Climbing Into a Time Machine
"One of the first things he said to me was, 'I work in different kinds of worlds,'" author and journalist Jeff Benedict remembers. "It was like climbing into a time machine."
That time machine is one with seemingly never-ending corridors where Owsley walks daily. He is one of the most prominent scientists in the world in his specialty, and his workplace at the Smithsonian Institution's National Museum of Natural History contains the nation's largest collection of human remains — approximately 30,000 skeletons, each one a unique story.

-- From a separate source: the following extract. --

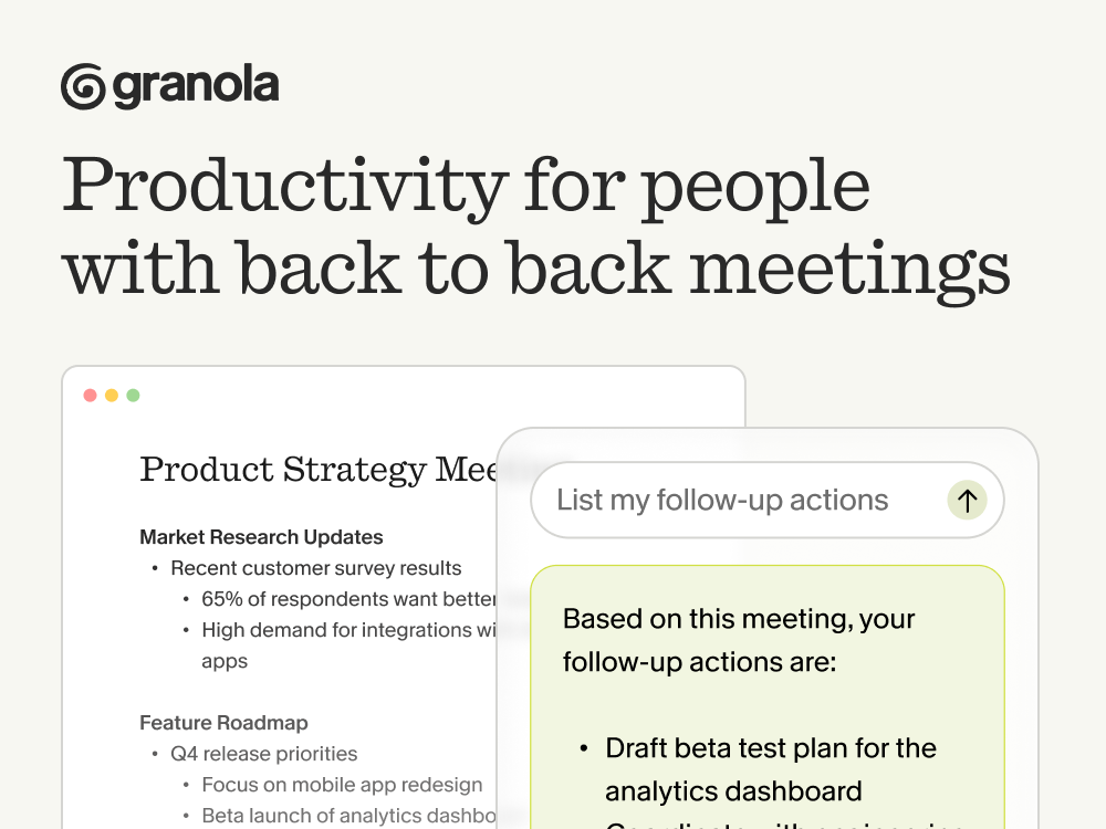With Granola, the AI Notepad for people with back-to-back meetings, you can avoid context switching, the cognitive load of remembering what you promised … and the stress of knowing something important slipped through.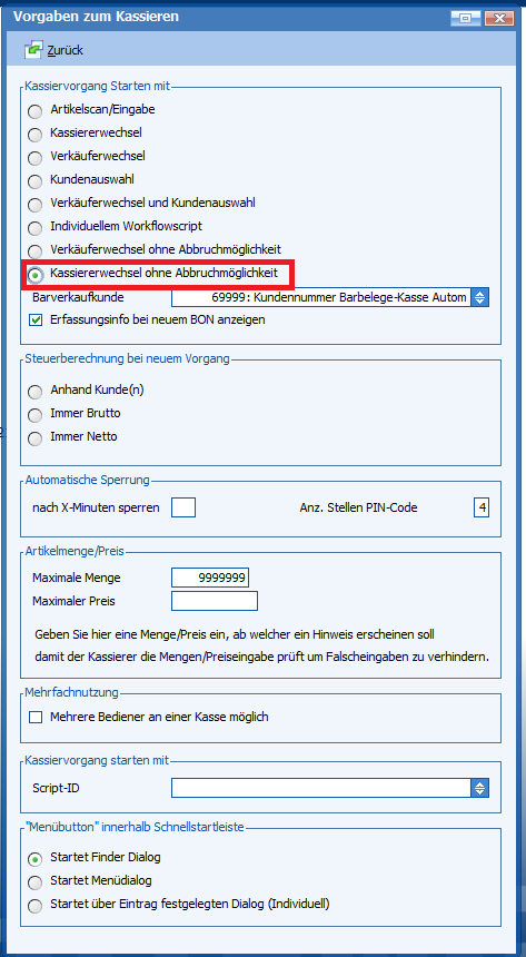 Hierzu gibt es unter „Vorgaben zum Kassieren“ in den Kassenbasisdaten das Flag „Kassiererwechsel ohne Abbruchmöglichkeit“.

Benedict got so wrapped up in Owsley's world that he wrote a book about the discoveries Oswley has made and the mysteries he has solved called No Bone Unturned.
"He can tell you what kind of diet [a] person had by looking at the bone structure and other indications on the bone, and on the wear of a person's teeth," Benedict said. "And once you've figured out diet, you can start to figure out geography. Where did this person live?"
Owsley teaches visitors willingly how he begins to read the stories of the bones. For instance, there are sutures, like junction lines, in a skull that grow together as we age. "It's a fast way of looking at whether you're dealing with a child or a younger person versus an older adult," Owsley says.
He can also determine race and gender from a skull. Males have well-defined brow ridges, he says — "more slope to the forehead. Females tend to have less brow ridge development."
Civil War-Era Mystery
One of Owsley's latest projects was the mystery behind a Civil War-era cast iron coffin — a rarity to people in Owsley's line of work. The coffin was discovered when contractors excavated a site on which they planned to build an industrial park in Pulaski, Tenn. There was no grave marker, and no one was absolutely sure who the man in the coffin was.
But because other members of a family named Mason were buried at the site, there was speculation that the occupant may have been a Civil War soldier named Isaac Newton Mason, whose final resting place was unknown.
"I hope that it's Isaac Newton Mason," said Fran Mason, who accompanied the coffin to the Smithsonian with her husband Guy, a homicide detective in Houston, Texas. "[Then] we can take him back to Tennessee, and they'll put a marker on his grave, and it will bring it full circle."
The 150-year-old coffin, which weighed 686 pounds including the water that had seeped into it, came with a viewing plate. In the days when the coffin was made, said Owsley, the plate allowed family members to view the body without being exposed to odor or possible disease.